确实,在云麓幻境内,有能力袭击他和慕华珑的,除了他好像也没谁了。至于苏清和和无极山门的长老,他们若是想要出手,只怕严争鸣站不到这里。
严争鸣摇了摇头,认真道,“我相信你。”
离镜握了握拳,隔了几秒才说,“我没你想的好。”
严青不知严争鸣为何怀疑离镜,便挡到离镜身前说道,“我也相信离镜,离镜不可能是伤你的人。”
除离镜外,其他几人都是一副“哦~”的了然表情。
严青气得跺脚。
虽然丁掌门信中嘱咐须争取进入无极山门修行,大比前十六名弟子也确实有资格留下,严争鸣却并不是很希望进入无极山门。慕华珑同他这般距离,让他对所谓的大门派有了抵触。
无极山门很快同大比的前十六名弟子抛出橄榄枝,点明了招揽之意,萧云逸极是干脆地应下,他目的向来明确,这种可以向前的机会断然不会放弃。严争鸣和离镜则各有犹豫,只给出“暂且考虑”的答案。

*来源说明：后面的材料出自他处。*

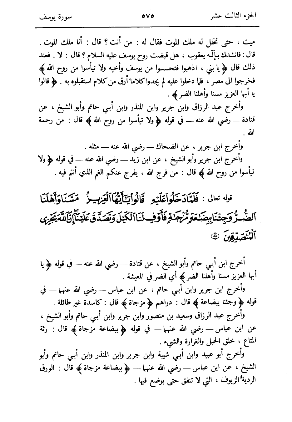 أخرج ابْن أبي حَاتِم وَأَبُو الشَّيْخ عَن قَتَادَة - رَضِي الله عَنهُ - فِي قَوْله {يَا أَيهَا الْعَزِيز مسنا وأهلنا الضّر} أَي الضّر فِي الْمَعيشَة

晚间严争鸣洗完澡便无聊地坐在窗边,未干的长发随意垂在脑后,他一腿盘着,一腿垂在窗户下,一头黑发在月光下微微摇曳。
慕华珑过来时见到的就是他这副懒散又俊秀的模样。他出神地望着严争鸣。驻足良久。
严争鸣瞧着下面仿佛镀着一身清辉衣带翻飞的人。心道,他来做什么,不是还在生他气吗。又想,大半夜的还穿成这样,好看给谁看。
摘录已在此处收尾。